El pulso de Jude se aceleró, pero su voz, cuando habló, era suave y apacible:
—¿Por qué?
—Por sus últimos tres discos —dijo Quinn—. Tengo dos hijas, y los escuchan todo el tiempo, a todo volumen, hasta que las paredes tiemblan y los platos tintinean y yo noto que estoy al borde de perpetrar actos de violencia doméstica, ¿me comprende? Y además contra mis encantadoras y divertidas hijas, a las que no sería capaz de dañar en condiciones normales. —Suspiró, usó la corbata para secarse la frente, se acercó al pie de la cama. Le ofreció a Jude el último chicle que le quedaba. Cuando el cantante lo rechazó, Quinn se lo metió rápidamente en la boca y empezó a mascar—. En fin. Uno tiene que amarlas hagan lo que hagan, sin que importe lo mucho que te saquen de quicio a veces.
—Así es —confirmó Jude.
—Sólo unas pocas preguntas —comenzó Quinn, sacando una libreta del bolsillo interior de su chaqueta—. Empecemos por lo ocurrido antes de que llegara a la casa de su padre. Tuvo un accidente y el conductor se fugó, ¿no? Un día horrible para usted y su amiga, ¿eh? Y luego su padre le ataca. Por supuesto, por su aspecto y las condiciones en las que él se encontraba, pensaría que era… No sé. Un asesino que venía a saquear su granja. Un espíritu maligno. De todas maneras, no entiendo por qué no fue a un hospital después del accidente en el que perdió el dedo.

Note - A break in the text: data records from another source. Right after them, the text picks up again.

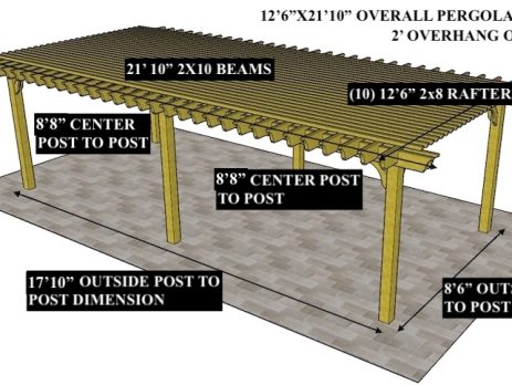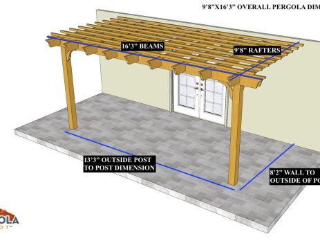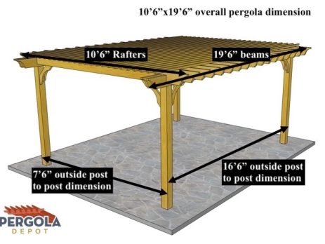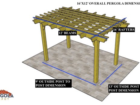 16'X12' OVERALL PERGOLA DIMENSION 13'X9' OUTSIDE POST TO POST DIMENSION Pergola Depot custom pergola kit. This kit includes standard shipping, installation instructions, and the following pergola components: 6x6 posts 2x8 mortised rafters 2x8 double beams 2x2 top slats 2x6 angle braces 2×8 ledger board (for attached pergola kits only) Stainless steel hardware Optional post mounting hardware (ABU66RZ or ABU66Z) Optional post base trim Important notes: - Upon delivery (2) or more adults are required to inspect and unload the kit piece by piece from the back of the truck. This will take approximately 15-30 minutes for kits up to 20x20. DO NOT unload the kit using a forklift. - Pine Kits: Pressure Treated Pine must be assembled first and allowed to dry 3-4 months before staining or painting. DO NOT stain, seal, or paint pressure...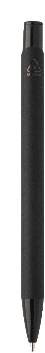 Kuličkové pero z recyklovaného hliníku s pogumovaným tělem a barevnými lesklými kovovými díly. Se speciálním povrchem pro zrcadlové gravírování, které odpovídá kovovým částem. S modrou náplní.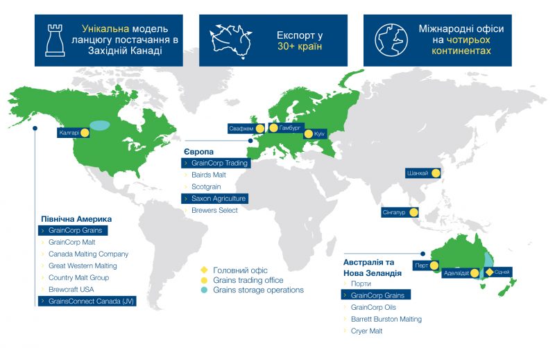 GrainCorp Limited є публічною компанією, зареєстрованою в Австралії. Основним напрямком діяльності компанії є отримання і зберігання зерна і пов’язаних з ним товарів. GrainCorp представлена через глобальні офіси в Північній Америці, Великобританії, Європі, Китаї та Сінгапурі. GrainCorp має досвід поcтачання понад 6 млн т на рік клієнтам у більш ніж 30 країнах світу.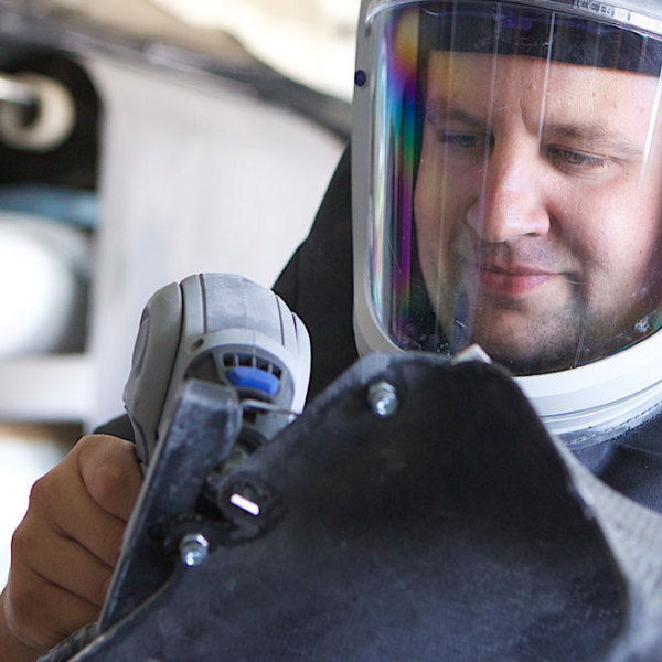 Die Originalkonturen des zu bearbeitenden Teils, wie etwa KFZ-Kotflügel, können von uns mit einem 3D-Scanner bis zu einem Volumen von 3 mal 3 mal 3 Meter eingescannt werden. Via CAD können diese Scans bearbeitet werden, um zum Beispiel eine Radlaufverbreiterung auszuführen. Aus diesen bearbeiteten Scans lassen sich Modelle im Maßstab oder Original ausdrucken – aber auch mittels Werkzeugen fräsen.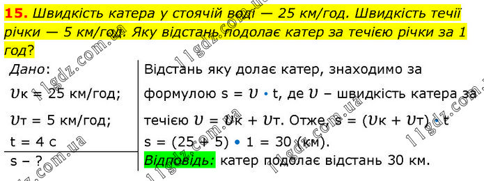 Швидкість катера у стоячій воді — 25 км/год. Швидкість течії річки — 5 км/год. Яку відстань подолає катер за течією річки за 1 год? Дано: υк = 25 км/год; υт = 5 км/год; t = 4 с Відстань яку долає катер, знаходимо за формулою s = υ • t, де υ – швидкість катера за течією υ = υк + υт. Отже, s = (υк + υт) • t s = (25 + 5) • 1 = 30 (км). Відповідь: катер подолає відстань 30 км. s – ?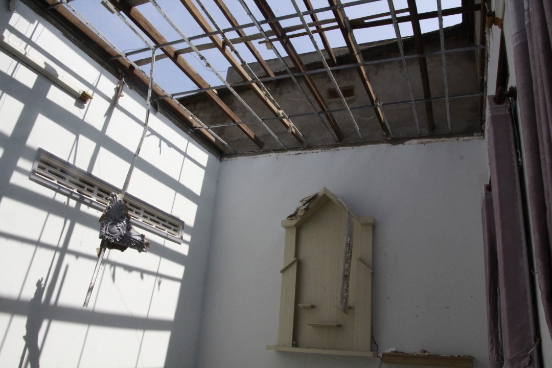| Nhà dân ở xã Cư Êbur bị tốc mái do giông lốc |
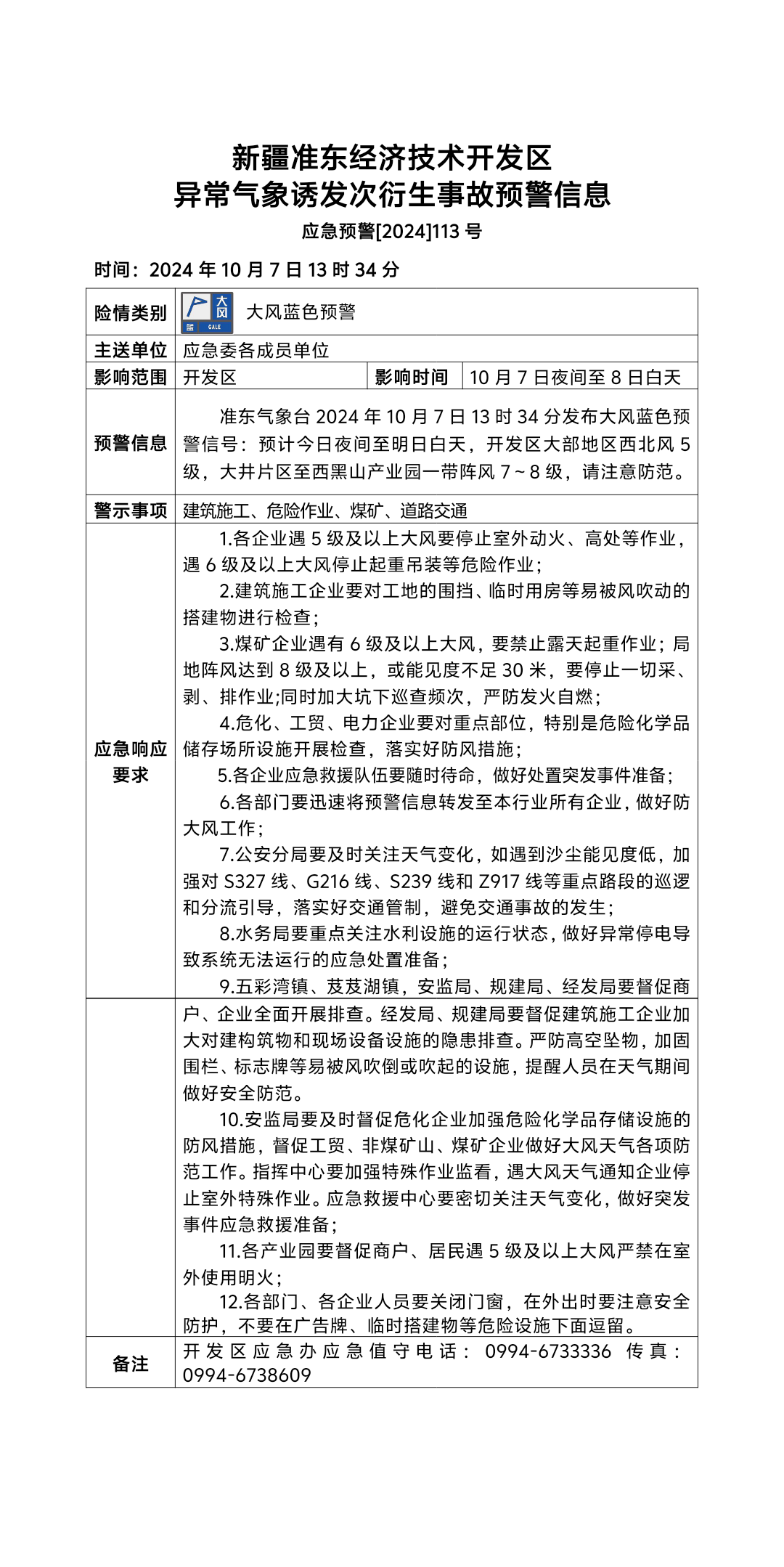 新疆准东经济技术开发区异常气象诱发次衍生事故预警信息 应急预警[2024]113号

—No hay misterio —respondió Jude—. No estábamos lejos de la casa de mi padre, y yo sabía que mi tía estaba allí. Es enfermera titulada.
—¿Ah, sí? Cuénteme cómo era el coche que lo atropello.
—Una furgoneta —explicó Jude—. Una furgoneta. —Miró a Nan, que asintió levemente con la cabeza, observándole con sus ojos atentos y seguros. Jude respiró profundamente y empezó a mentir.